Changes in ADG (A) and G:F (B) in response to dietary CP in the finishing phase using a broken-line analysis. The equation for ADG was ADG = 0.924 − 0.048 × zl (R² = 0.98) and the breakpoint was CP level at 11.6% (95% CI: 10.8–12.3) when ADG was 0.924 kg/d. The p-value for the asymptote was <0.001, for the slope it was 0.050, and for the breaking point it was <0.001. The equation for G:F was G:F = 0.327 − 0.014 × z1 (R² = 0.96) and breakpoint was CP level at 11.4% (95% CI: 10.3–12.5) when G:F was 0.327. The p-value for the asymptote was <0.001, for the slope it was 0.006, and for the breaking point it was <0.001. Where, if CP is ≥breakpoint, then z1 = 0; if CP is <breakpoint, then z1 = CP − breakpoint [12,17,68,69,70,71,72,78,79,80,81,82].

Figure 6

Changes in ADG in response to L-lysine supplementation in the finishing phase using a broken-line analysis.
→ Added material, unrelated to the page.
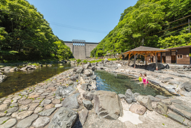 川底から湧き出る天然の大露天風呂「砂湯」を満喫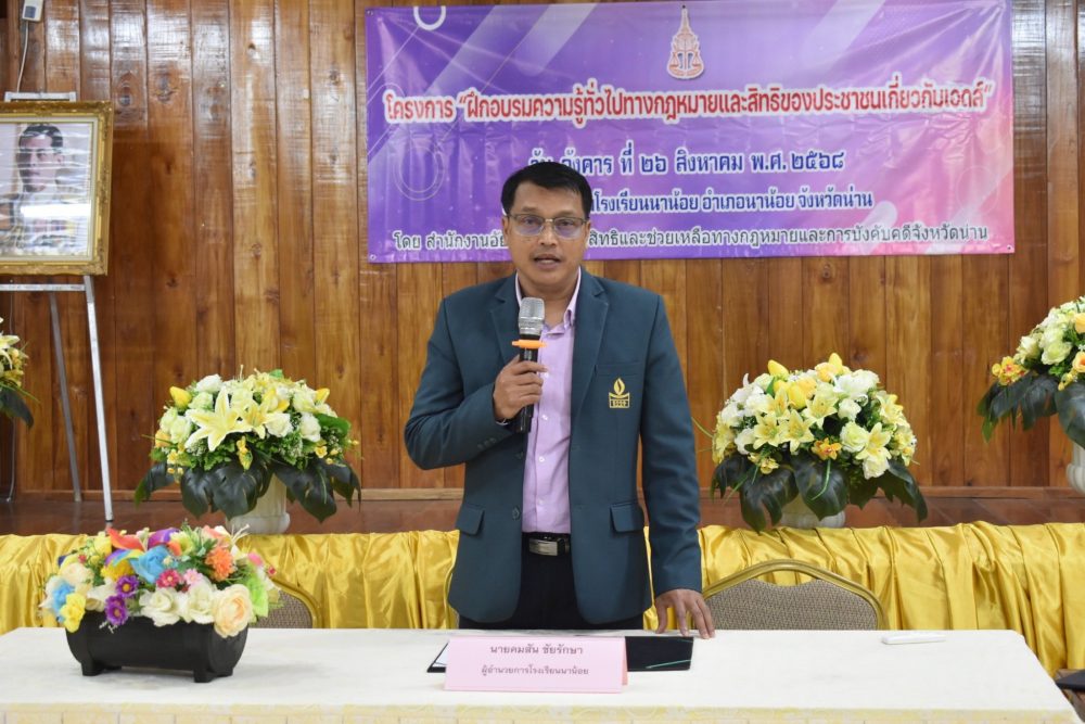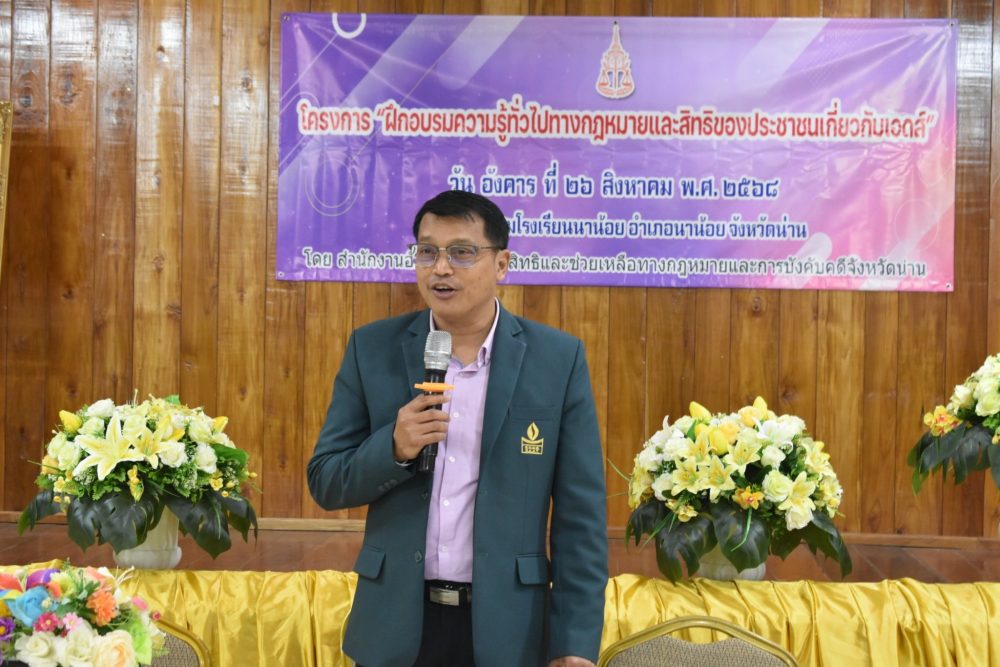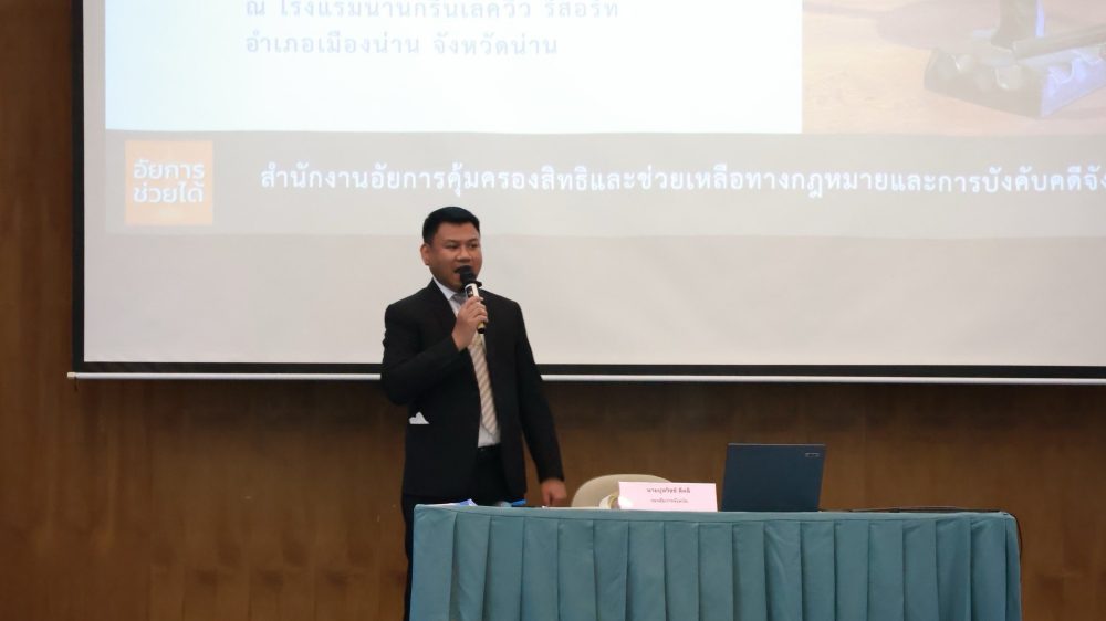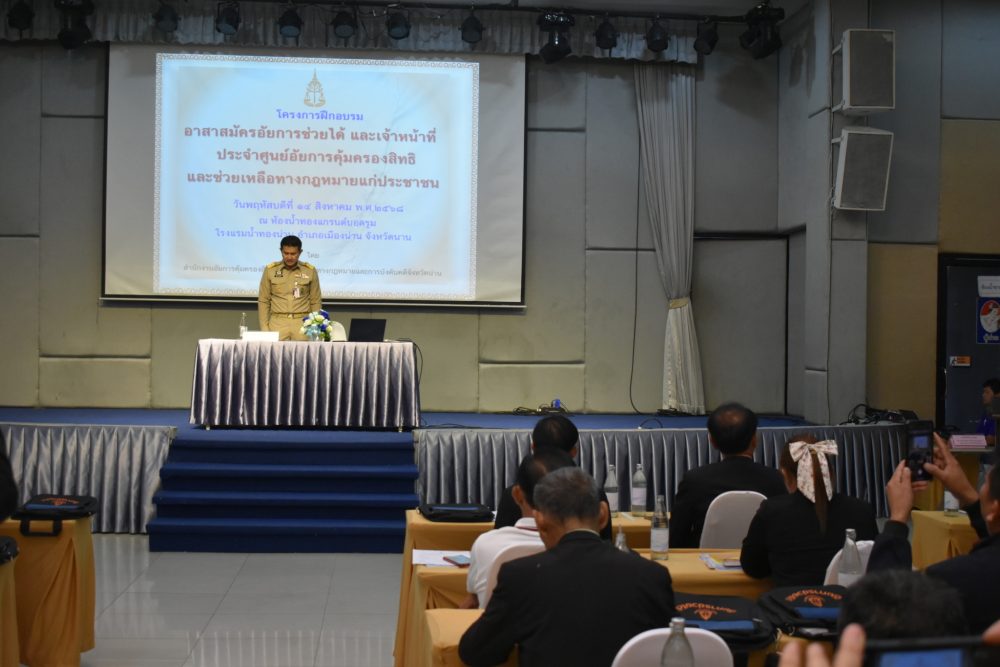 ประจำปีงบประมาณ พ.ศ. 2568” ณ ห้องน้ำทองแกรนด์บอลรูม โรงแรมน้ำทองน่าน อำเภอเมืองน่าน จังหวัดน่าน ในการนี้ ได้รับเกียรติจาก นายชัยนรงค์ วงศ์ใหญ่ ผู้ว่าราชการจังหวัดน่าน เป็นประธานในพิธีเปิดโครงการดังกล่าว โครงการฝึกอบรมอาสาสมัครอัยการช่วยได้และเจ้าหน้าที่ประจำศูนย์อัยการคุ้มครองสิทธิและช่วยเหลือทางกฎหมายแก่ประชาชนประจำปีงบประมาณ 2568 ตามแผนปฏิบัติการของสำนักงานอัยการสูงสุด กำหนดให้สำนักงานคุ้มครองสิทธิและช่วยเหลือทางกฎหมายแก่ประชาชน ดำเนินโครงการอาสาสมัคร

The L-lysine axis is based on 100% purity, calculated from L-lysine HCl (78.8% purity) or L-lysine sulfate (60.0% purity). The equation was ADG = 0.926 + 0.314 × zl (R² = 0.97) and the breakpoint was L-lysine level at 0.24% (95% CI: 0.10–0.37) when ADG was 0.926 kg/d. The p-value for the asymptote was <0.001, for the slope it was 0.033, and for the breaking point it was 0.002. Where, if L-lysine is ≤breakpoint, then z1 = 0; if L-lysine is >breakpoint, then z1 = L-lysine − breakpoint [12,17,68,69,70,71,72,78,79,80,81,82].